A William Hill ad has been banned by the ASA for targeting children.

The ad, which appeared within an app called New Mario Kart 8 Trick, advertised William Hill’s online ‘Vegas games’, followed by a button which said ‘Install’. The app had a PEGI rating 3 – meaning that it was considered suitable for all audiences.

William Hill said its Mario Kart brand is not targeted at children.

It said the game in which the ad was seen was based on Mario Kart and that Nintendo had reported that in 2017, 86% of Nintendo Switch players were over 18 and that Mario Kart was one of the main games available on the platform. It argued that although the figures were subjective, it considered that it was a good indication that Mario Kart was used by the "older generation".

However, the ASA suggested that its audiences included under-18s, and that gambling ads were not appropriate around related media. It told William Hill to ensure its ads had appropriate targeting in the future, and that “the ad must not be used again without further, specific targeting to minimise the likelihood of under-18s being exposed to it.”

William Hill said that it “would ever knowingly target children or people under the age of 18 and that their intention was always to advertise and market to consumers who were 18+.” The brand said that it had used Google’s Universal App Campaign and that it had minimal control over the placement of ads across the tech giant’s search, display network, YouTube and Play Store properties.

For its part, Google said that ads such as William Hill’s would only be served to signed-in users who had declared their age as over 18. Google said that William Hill could have used a range of options that would have allowed it to exclude its ad from apps likely to have audiences under the age of 18, and that it had not done so.

The ASA said that the app’s audience was likely to include under-18s, and that William Hill should have applied more stringent guidelines to their ad placement.

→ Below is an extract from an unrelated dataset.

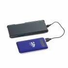 Bateria portátil com ecrã touch e indicador de carga. ABS e aço inox. Bateria polímero de lítio. Capacidade: 4.000 mAh. Tempo de vida = 500 ciclos. Entrada 5V/1A e saída 5V/1A. Incluso cabo USB/micro USB para carregar a bateria.

It said that advertisers should identify interests and issues likely to be of interest to children, to ensure that children who had said they were over 18 would not be served inappropriate ads. The watchdog said that “the ad had been inappropriately targeted and breached the Advertising Code.”

The ASA has taken a tougher line with advertisers targeting children lately. A Betfair TV spot was investigated for featuring a man who was said to appear under 25, while the watchdog banning several ads which promoted online games in ways designed to appeal to under-18s.